Werden, der ich war

Generation kplus

  • Caroline M. Buck
  • Lesedauer: 3 Min.

Das Leben ist nicht einfach in Ladakh. Kalt ist es, arm ist man, und als ob das nicht reichte, ist der junge Padma Angdu noch besonders gefordert: Mit fünf war er, den seine Mutter eigentlich aus Gesundheitsgründen hatte abtreiben sollen, als Reinkarnation eines buddhistischen Weisen erkannt worden. In einem Alter, in dem andere mit der Schule beginnen, wurde er deshalb vom örtlichen Kloster zum Rinpoche gesalbt. Mönch werden als kleines Kind, und dann auch noch Heiliger - eine ziemliche Zumutung.

Was aber, wenn aus dem Kloster, in dem Angdu in einer früheren Inkarnation gelehrt haben soll, nun keiner kommt, ihn dorthin zurückzuführen? Das nämlich liegt in Tibet, ist chinesisch besetzt und gar nicht zugänglich für einen Nachwuchsmönch und angehenden Lehrmeister. Im örtlichen Kloster in Ladakh aber kann Angdu nicht lebenslang ausharren und auf eine Änderung der geopolitischen Verhältnisse warten. Dort gibt es bereits einen Rinpoche - und welches Kloster könnte schon zwei Äbte brauchen?

»Becoming Who I Was«, werden, der ich war - für Angdu wird das ein ziemlich weiter Weg sein, vom traditionellen Dorfdoktor und buddhistischen Repetitor treu begleitet, der sich mit Fürsorglichkeit, guten Ratschlägen, Demut und Gelächter dieser neuen Lebensaufgabe annimmt. Bis er kränkelt - und Angdu zunehmend an seiner exponierten Isoliertheit verzweifelt. Zunächst führt sein Weg zurück ins örtliche Kloster: zum Lernen, nicht zum Lehren. Dann aber machen der Doktor und er sich auf die Reise über die indische Ebene und Sikkim Richtung Tibet, ein Meister auf der Suche nach seinen Schülern.

Die Dokumentarfilmer Moon Chang-Yong und Jin Jeon stammen nicht aus Ladakh, sondern aus Südkorea. Ihre bildstarke, detaillierte Langzeitbeobachtung gehört trotzdem zum Besten, was in diesem Genre bisher zu sehen war. Filme zu Spielarten des Themas »Hilfe, mein Sohn ist ein buddhistischer Heiliger« gibt es nämlich eine ganze Menge - dieser hier ist eine echte Perle. Ein berührender Film über Menschlichkeit und das Eintreten füreinander, ganz diesseits vom Glauben an Reinkarnation und Sendung.

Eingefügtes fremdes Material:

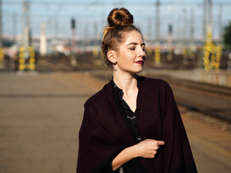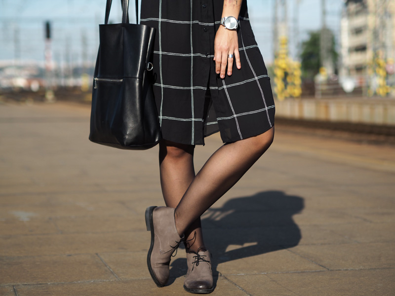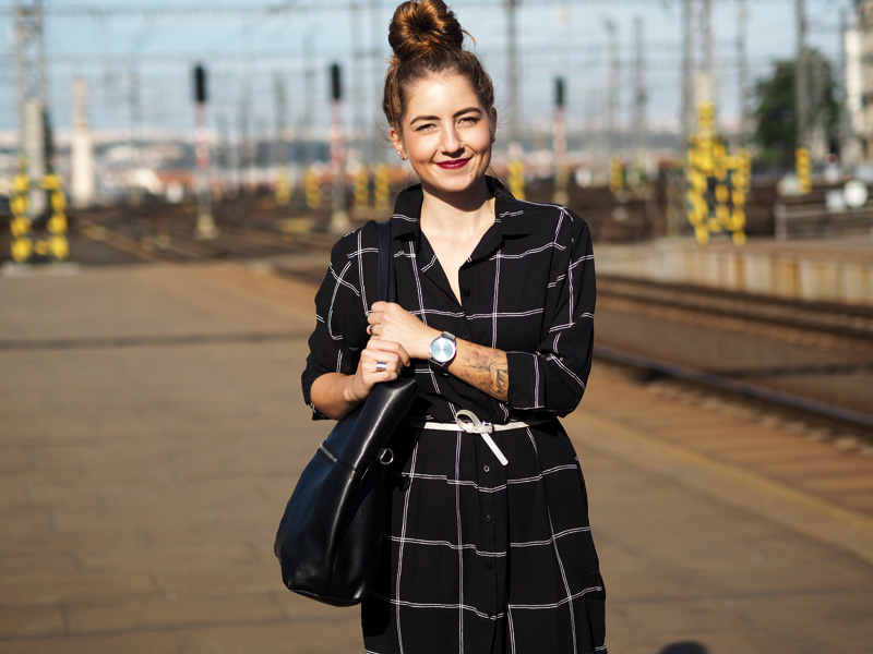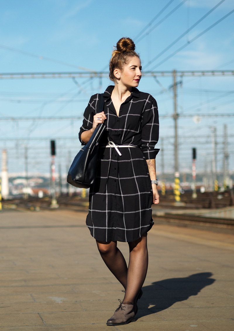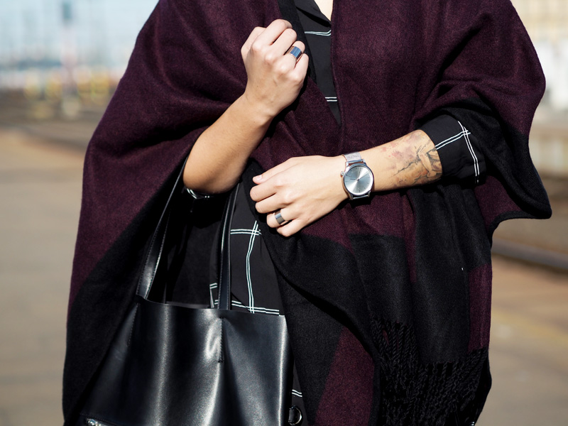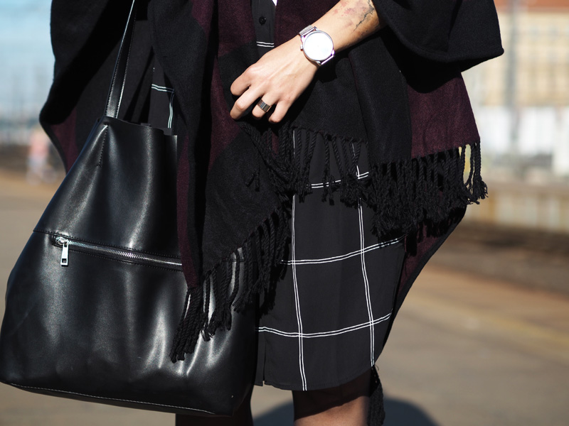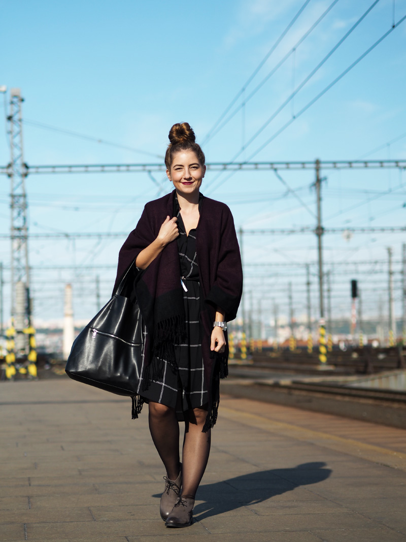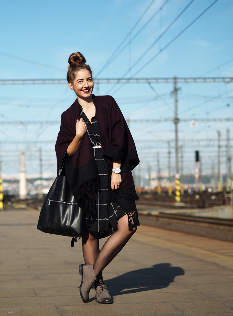 Když si něco zamiluju, potřebuju to pořád. Ať se jedná o cokoliv! Objevím suprovou kavárnu, musím tam každý týden. Koupím novou boží rtěnku, nosím ji nonstop. Začne mi chutnat avokádo, cpu ho do všeho. Koupím si dlouhou černobílou košili, nosím ji pořád a na několik způsobů. Tenhle článek je důkazem toho posledního bodu. Dlouho se mi nestalo, že bych si nějaký kousek tak oblíbila. Naštěstí se nemusím cítit blbě ani když si ji vezmu několikrát po sobě, protože můžu libovolně střídat košili rozepnutou jako jednu z vrstev (vidno v minulém článku TADY) nebo zapnutou jako šaty, což uvidíte právě dnes. Jako šaty je to fakt ohromně pohodlný a ještě se dají samozřejmě přepásat páskem anebo nechat úplně volně jako oversized. Já jsem přes ně v tomhle outfitu přehodila nový pončo v černo-fialové barvě, ke které jsem doladila svou nejoblíběnější podzimní/zimní rtěnku od Rimmelu (odstín Cutting Edge) a přidala boty, který jsem dostala od mamky předčasně k Vánocům a jakmile se mi zahojej puchýře (ano, opravdu mám tak debilní nohy, že se mi odřou i v kvalitních kožených botách..), vyvenčím je znovu. Co na takovej outfit říkáte vy?
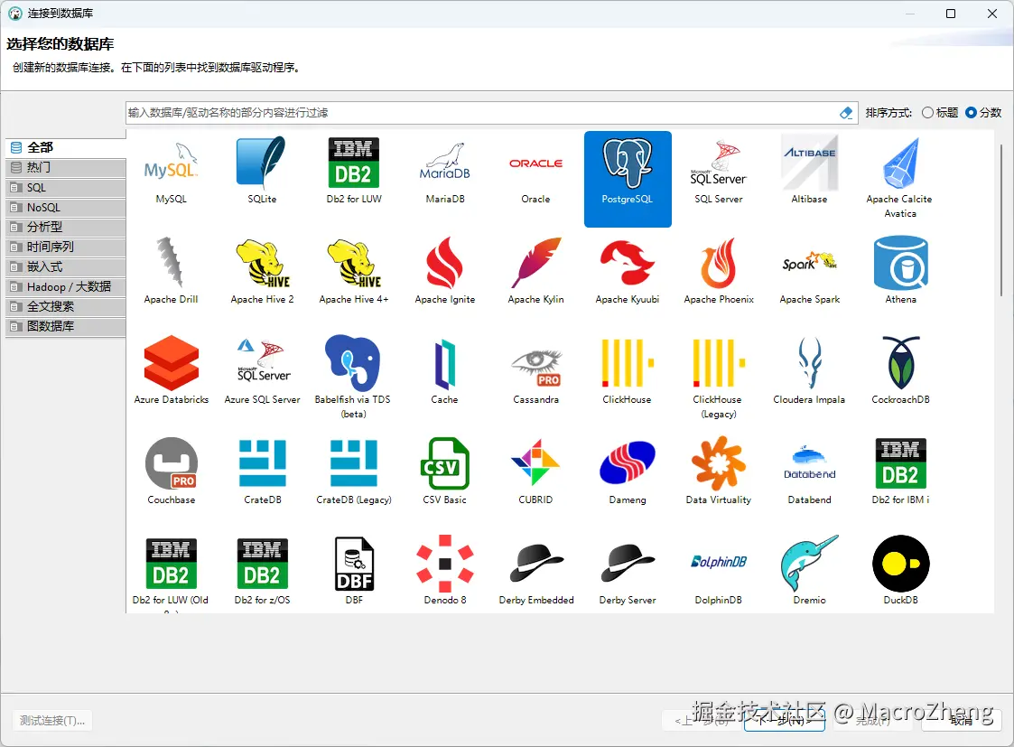 虽说DBeaver支持多达100种数据库,但是社区版本支持的数据库并不多。
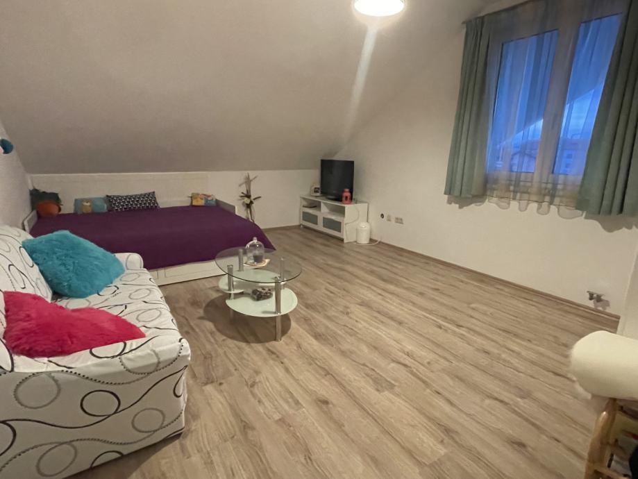 - Potkrovlje: veliki dnevni boravak s blagovaonicom i kuhinjom, te tri sobe, kupaona, wc, i dva balkona. Površina 139,85m2
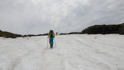 雪面が狭まって来て途切れそうになるが少しだけ繋がっていて、それを越えるとまた広い斜面へ出た。
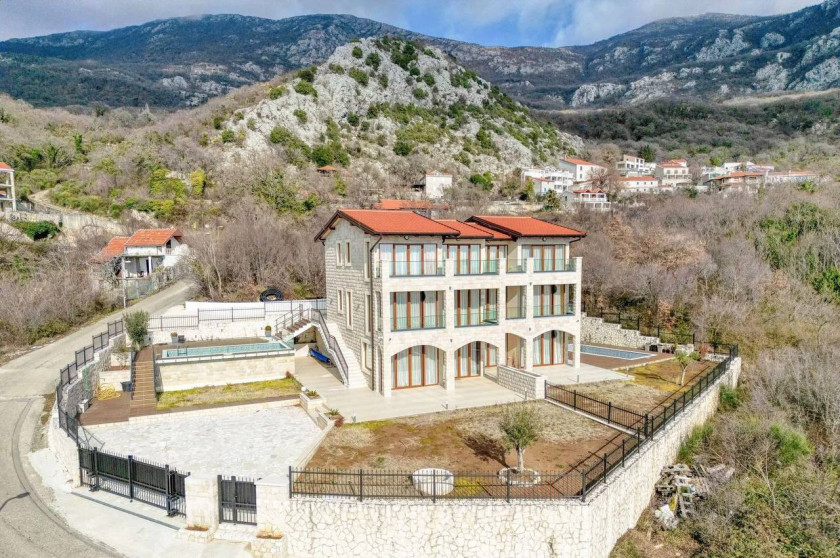 Prodaju se dvije susjedne vile u Kuljace nad Przno, u blizini manastira Duljevo, idealne za velike porodice. Prva parcela je površine 850 m2 sa trospratnom kućom ukupne površine 237 m2 i teretanom od 30 m2 (nije uknjižena); druga parcela je površine 750 m2 sa trospratnom kućom ukupne površine 237 m2 i teretanom od 20 m2 (nije uknjižena). Svaka vila ima privatni bazen, 3 spavaće sobe, 3 kupatila, 1 toalet, 2 kuhinje, 2 trpezarije, 2 dnevna boravka, vešeraj i privatno dvorište. Cijena za dvije vile je 1.600.000 €.
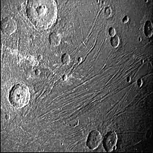 Cratering is seen on both types of terrain, but is especially extensive on the dark terrain: it appears to be saturated with impact craters and has evolved largely through impact events.[9] The brighter, grooved terrain contains many fewer impact features, which have been only of minor importance to its tectonic evolution.[9] The density of cratering indicates an age of 4 billion years for the dark terrain, similar to the highlands of the Moon, and a somewhat younger age for the grooved terrain (but how much younger is uncertain).[61] Ganymede may have experienced a period of heavy cratering 3.5 to 4 billion years ago similar to that of the Moon.[61] If true, the vast majority of impacts happened in that epoch, whereas the cratering rate has been much smaller since.[62] Craters both overlay and are crosscut by the groove systems, indicating that some of the grooves are quite ancient. Relatively young craters with rays of ejecta are also visible.[62][63] Ganymedian craters are flatter than those on the Moon and Mercury. This is probably due to the relatively weak nature of Ganymede's icy crust, which can (or could) flow and thereby soften the relief. Ancient craters whose relief has disappeared leave only a "ghost" of a crater known as a palimpsest.[62]

Was die Zukunft bringen wird, ist eine häufige Frage in den Filmen für Kinder im vorpubertären Alter bei »Generation kplus«. Kindheit ist hier selten reine Idylle, selbstvergessene Spielwiese oder völlig unbeschwert. Oft ist sie bloß Übergangsstadium ins spätere Leben wie für Angdu. Eine Zeit der Orientierung zwischen Welten wie für den jungen Ady, der in Frankreich aufwuchs und sich plötzlich bei der Verwandtschaft in Burkina Faso wiederfindet, im französischen Spielfilm »Wallay« des Wahl-Burkinaben Berni Goldblat. Oder eine Zeit der Ausgrenzung, der autoritären Verhältnisse und Einsamkeit wie in »Shi Tou« von Xiang Zhao, einem anderen nah an der Realität inszenierten Spielfilm. Der spielt in einer Schule im dörflichen China, unter lauter Söhnen von Wanderarbeitern, die in der fernen Stadt ihr und ihrer Kinder Glück zu verdienen suchen. Und stattdessen eine ganze Generation von Waisenkindern schaffen.